Um primeiro precedente ocorreu meses atrás, na Justiça de Goiás. No caso de São Paulo, a decisão chama a atenção em razão de o município ter formalizado entendimento, em julho, de que os honorários de sucumbência são uma remuneração por serviço prestado e, portanto, tributáveis. A banca foi previamente à Justiça para evitar a tributação, com o argumento, acolhido pela magistrada, de que não possui relação de serviço com a parte contrária, mas sim com seu cliente. Nesse caso, portanto, não haveria prestação de serviço.

(…) Fonte: Jota Matinal

2. TJSP isenta de ICMS insumos usados para fabricar fertilizantes

O Tribunal de Justiça de São Paulo (TJSP) deu aval à isenção de ICMS na compra, realizada dentro do Estado, de uma série de produtos químicos usados na fabricação de fertilizantes. Ao contrário do que defende a Fazenda paulista, os desembargadores entenderam que o benefício não vale apenas para os adubos destinados à produção de alimentos (agricultura intensiva).

Na prática, além de incentivar a fabricação de fertilizantes em São Paulo, a decisão garante a isenção a produtos destinados a empresas de jardinagem e paisagismo – para uso em arranjos florais, campos de golfe ou empreendimentos imobiliários, por exemplo. No caso concreto, foi beneficiada uma fábrica de fertilizantes de Cerquilho, no interior paulista.

O cerne da questão é o artigo 41 do Anexo I do Regulamento do ICMS (RICMS). De acordo com o dispositivo, há isenção nas operações internas realizadas com os insumos agropecuários listados, “desde que se destinem quaisquer desses produtos à utilização na produção agrícola ou à fabricação de adubo simples ou composto, ou de fertilizante”.

A batalha pelo reconhecimento do direito à isenção fiscal foi dura. Apesar de haver, desde os anos 90, várias respostas da Fazenda paulista favoráveis à isenção em qualquer circunstância, um fiscal de Itapetininga (SP) teria resolvido adotar um entendimento diferente. “Limitou o benefício apenas à aquisição por produtores agrícolas”, conta Antônio Carlos Moura, um dos advogados que representam a fabricante de fertilizantes.
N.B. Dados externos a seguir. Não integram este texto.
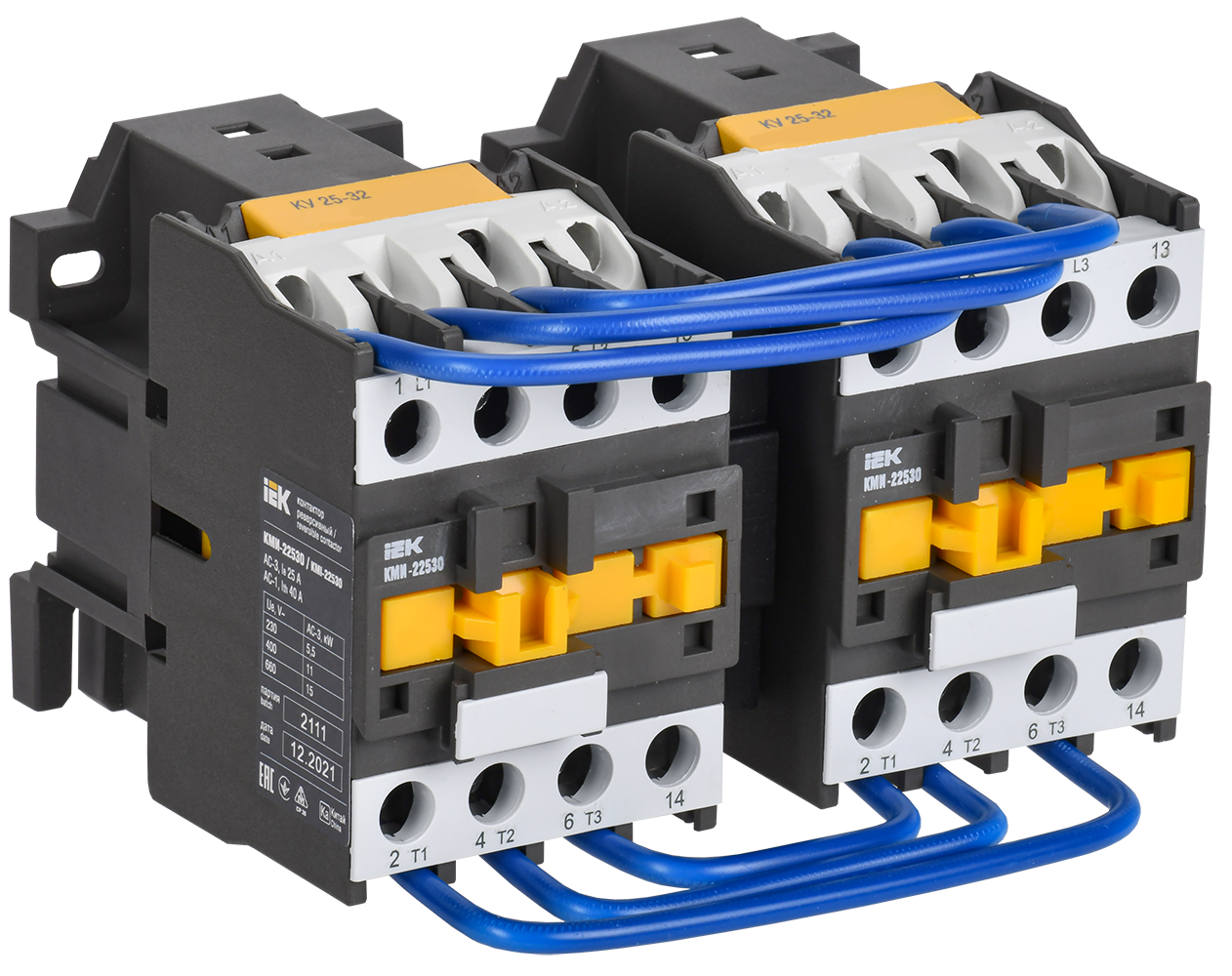 Контакторы КМИ (реверс) IEK используются для пуска, остановки и реверсирования асинхронных электродвигателей, а также для дистанционного управления цепями освещения, нагревательными цепями и различными малоиндуктивными нагрузками (категория применения АС-1). Поставляются с заводскими шинами и механической блокировкой.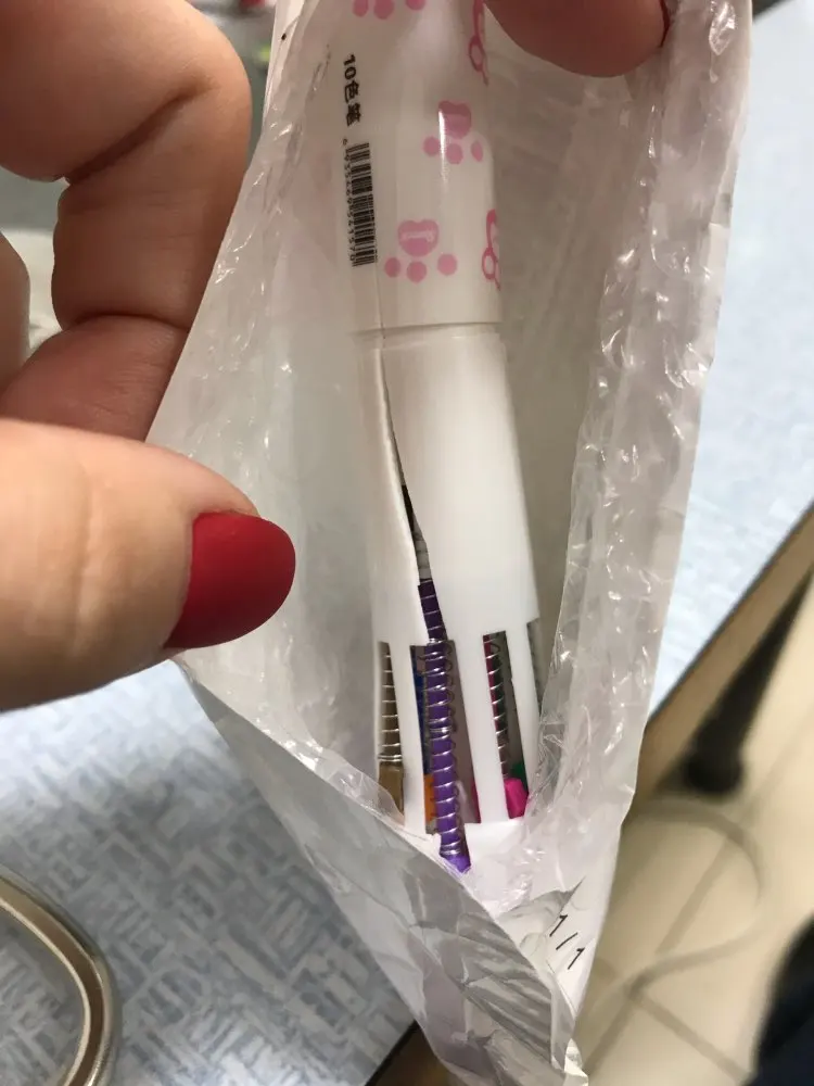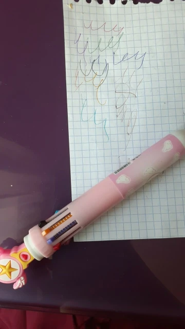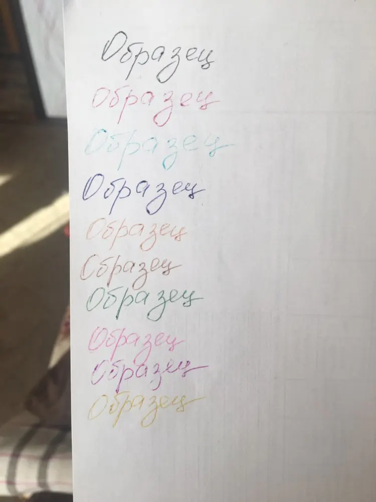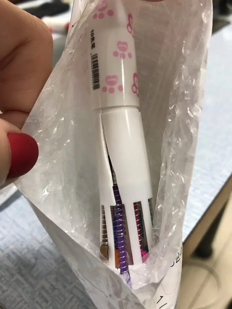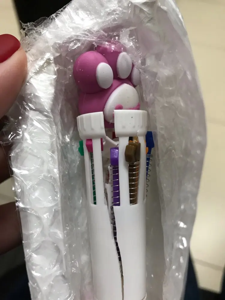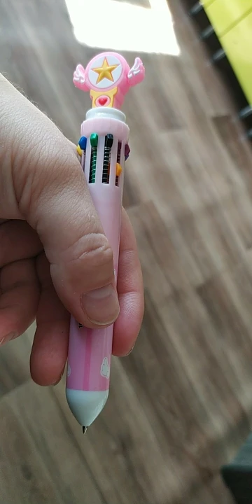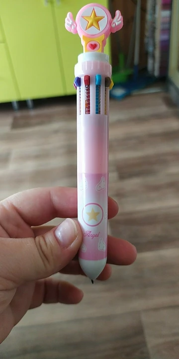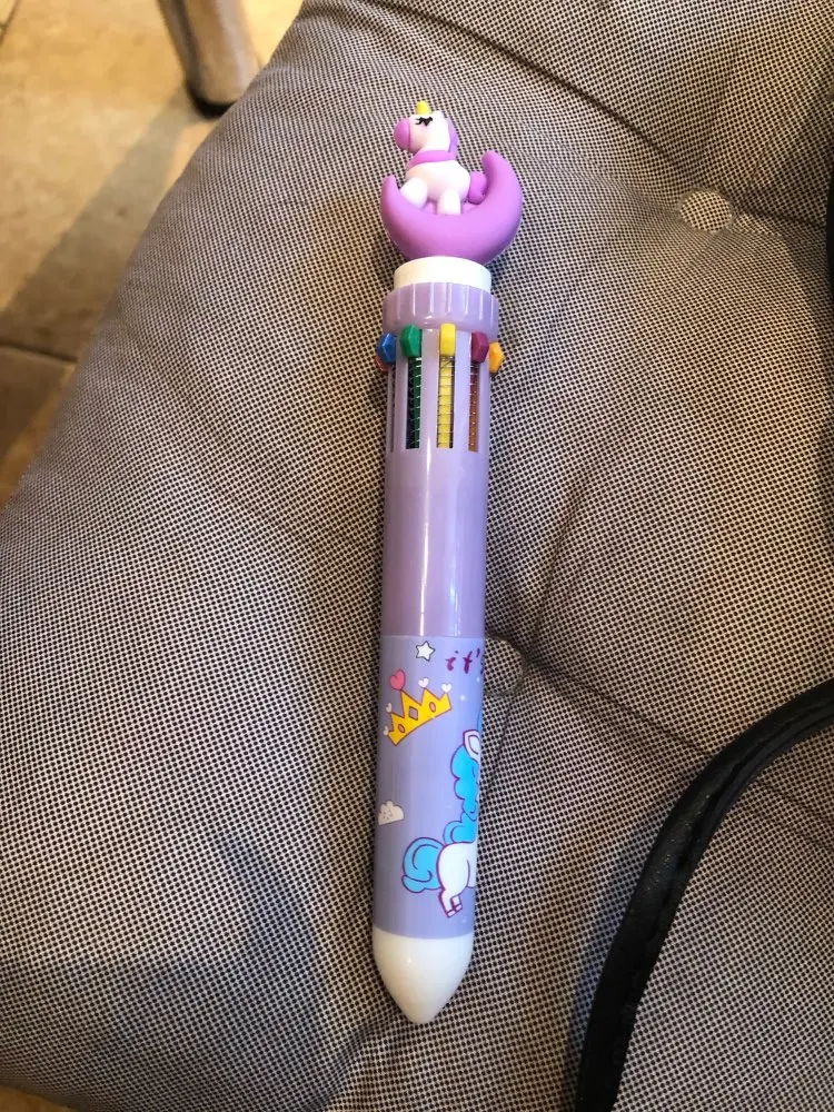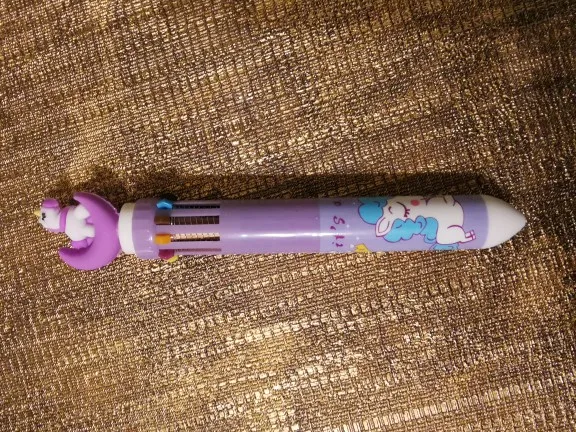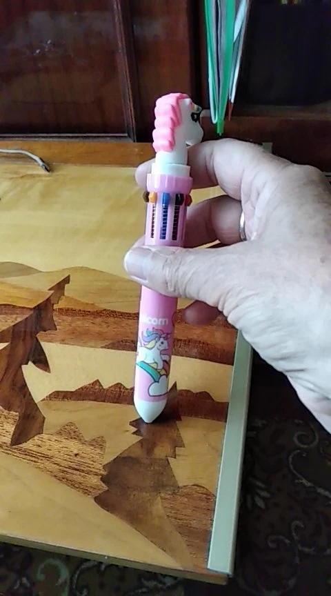 Nice pen. 10 colors. Everybody writes. Bright enough. An adequate price for such a pen. Funny unicorn head. No foreign smell. In the Vologda region, the parcel came within five weeks. Packed in bulk packing. No damage. Seller good.

A Fazenda de São Paulo passou então a adotar o entendimento de que o benefício só seria aplicável nas vendas realizadas diretamente a empresa ou produtor rural, como insumo na agricultura intensiva. No ano passado, por meio da Consulta Tributária nº 23169, chegou a responder que fertilizantes destinados a jardinagem e paisagismo não poderiam ser contemplados com a isenção.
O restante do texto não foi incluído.